Task to carry out
Your copy should hold exactly the lines from the beginning of the listing below through the line with "In der hügeligen", without any pictures.

Supplied material
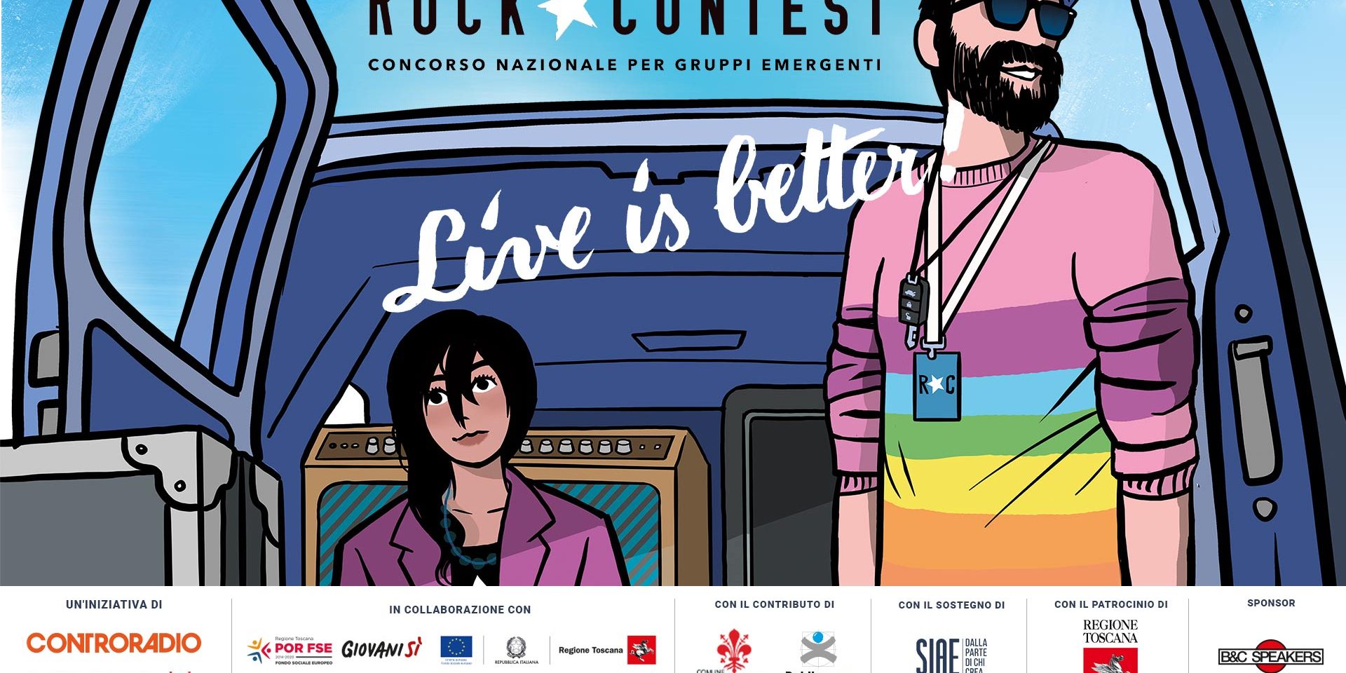 Rock Contest è organizzato da Controradio e Controradio Club in collaborazione con Regione Toscana – Giovanisì/Fondo Sociale Europeo, Fondazione Sistema Toscana, il contributo di Comune di Firenze e Publiacqua, il sostegno di SIAE – Società Italiana degli Autori ed Editori, il patrocinio di Regione Toscana, sponsor B&C Speaker.
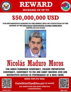 The Trump administration has accused President of Venezuela Nicolás Maduro of trafficking drugs into the US. Earlier in August, the Trump administration raised to $50 million a bounty for the arrest of Maduro over what it alleges to be his role in drug trafficking. Maduro was indicted in the US on drug charges including narcoterrorism in 2020.[24]
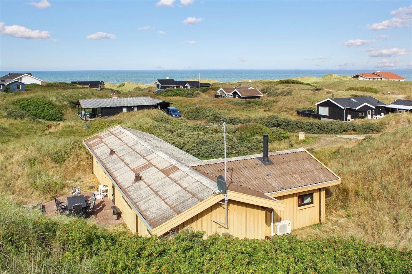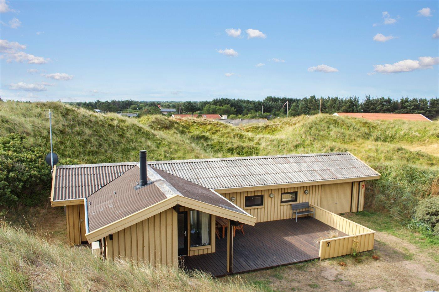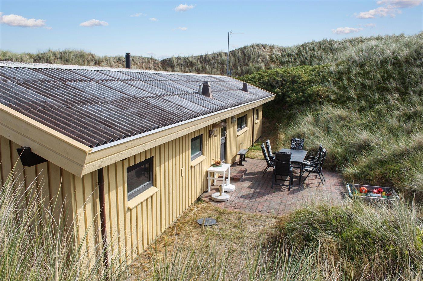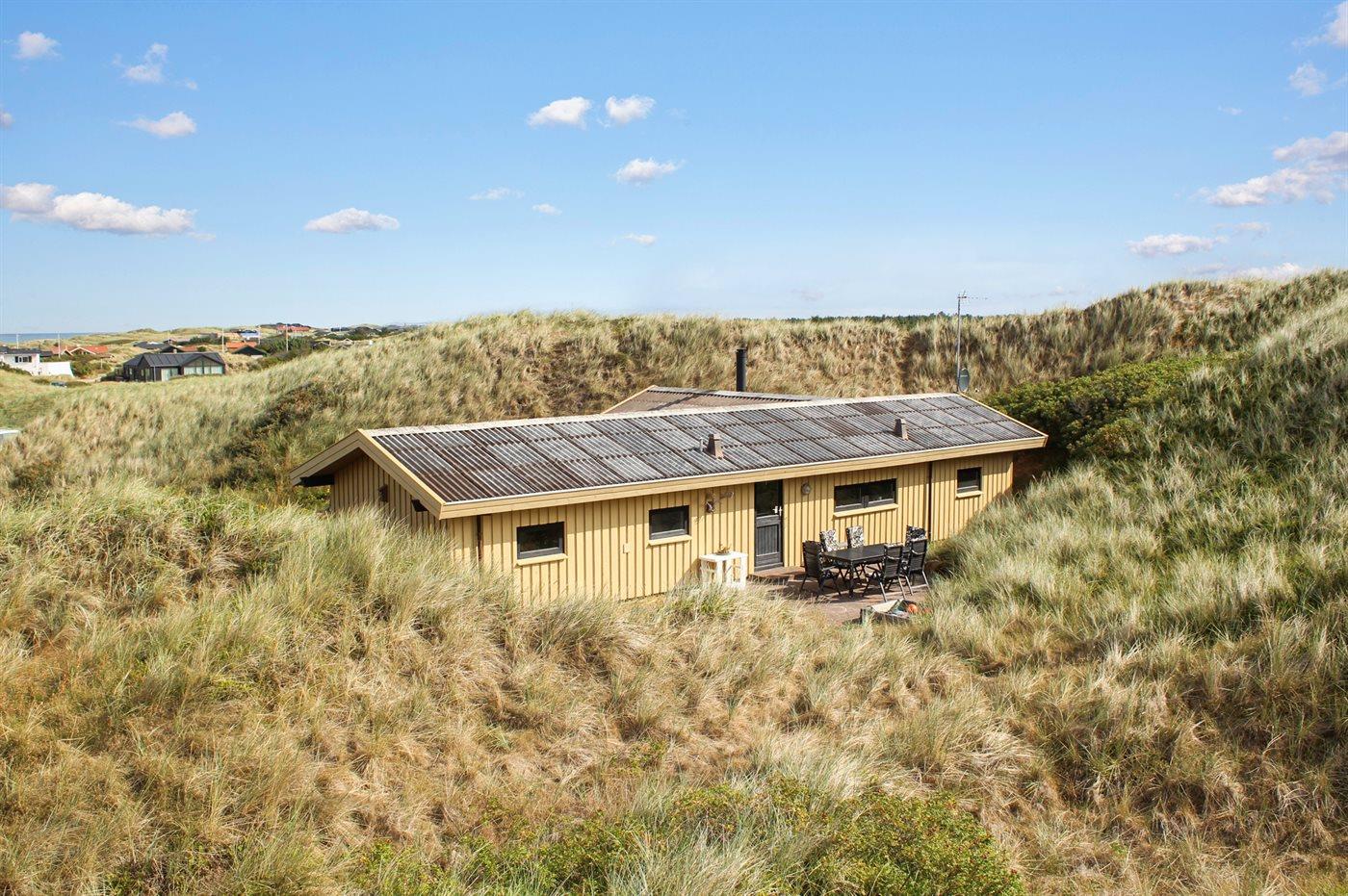 In der hügeligen Dünenlandschaft von Grönhöj liegt versteckt dieses ältere aber gut erhaltene Ferienhaus. Es liegt zurückgezogen auf einem großen Grundstück am Ende einer Sackgasse in einer ruhigen und naturschönen Ferienhaussiedlung nashe an Strand und Nordsee.
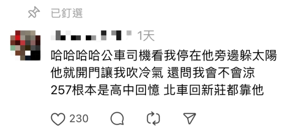此外,也出現不少人認出是哪台公車,「這個看起來像257然後在中平中原路口那邊」、「257根本是高中回憶,北車回新莊都靠他」、「257公車司機」,或是熱心網友擔心司機的善心會讓自己遭受檢舉,「真的是很熱心啦,就怕有人檢舉離站開門」、「謝謝司機大哥,好人一生平安」、「然後又被檢舉魔人檢舉」。

Answer to this problem
 Rock Contest è organizzato da Controradio e Controradio Club in collaborazione con Regione Toscana – Giovanisì/Fondo Sociale Europeo, Fondazione Sistema Toscana, il contributo di Comune di Firenze e Publiacqua, il sostegno di SIAE – Società Italiana degli Autori ed Editori, il patrocinio di Regione Toscana, sponsor B&C Speaker.
 The Trump administration has accused President of Venezuela Nicolás Maduro of trafficking drugs into the US. Earlier in August, the Trump administration raised to $50 million a bounty for the arrest of Maduro over what it alleges to be his role in drug trafficking. Maduro was indicted in the US on drug charges including narcoterrorism in 2020.[24]
 In der hügeligen Dünenlandschaft von Grönhöj liegt versteckt dieses ältere aber gut erhaltene Ferienhaus. Es liegt zurückgezogen auf einem großen Grundstück am Ende einer Sackgasse in einer ruhigen und naturschönen Ferienhaussiedlung nashe an Strand und Nordsee.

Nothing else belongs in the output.